=== TASK INSTRUCTIONS ===
Return all of the listing word for word; the pictures stay out.

:: GIVEN DATA ::

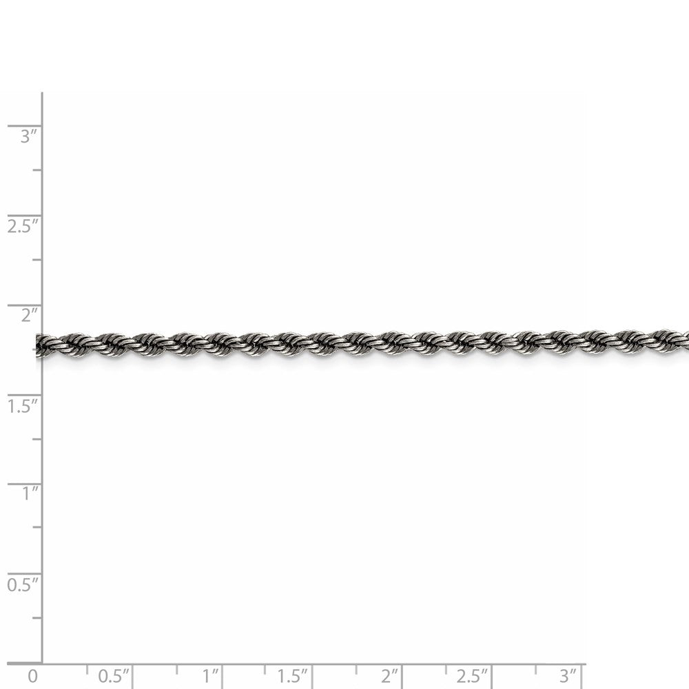 Men's 925 Sterling Silver Ruthenium 3mm Rope Chain Necklace, 30"
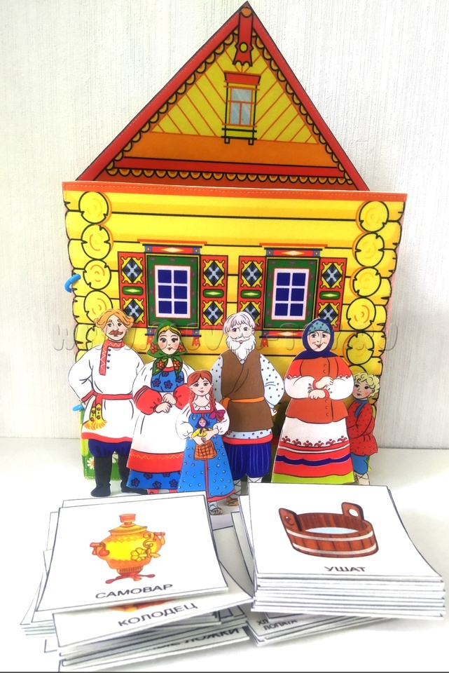 Папка - декорация из фетра "Русская изба" + 35 карточек
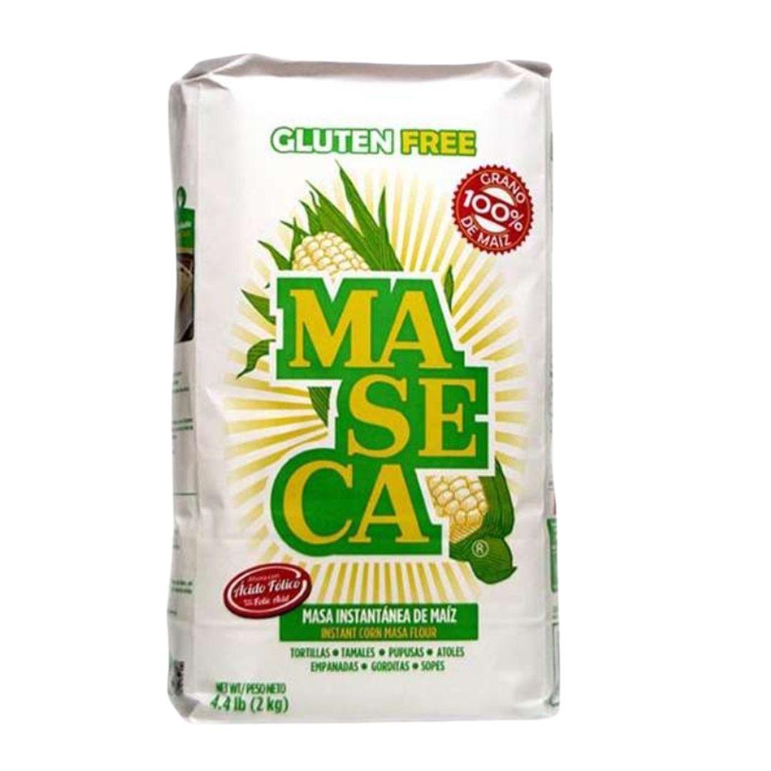 Harina de maíz Maseca 820g, especialmente para la elaboración de tortillas o tostadas de maíz, indispensable en la cocina de un mexicano o centroamericano.

:::

=== SOLUTION TO THIS EXERCISE ===
 Men's 925 Sterling Silver Ruthenium 3mm Rope Chain Necklace, 30"
 Папка - декорация из фетра "Русская изба" + 35 карточек
 Harina de maíz Maseca 820g, especialmente para la elaboración de tortillas o tostadas de maíz, indispensable en la cocina de un mexicano o centroamericano.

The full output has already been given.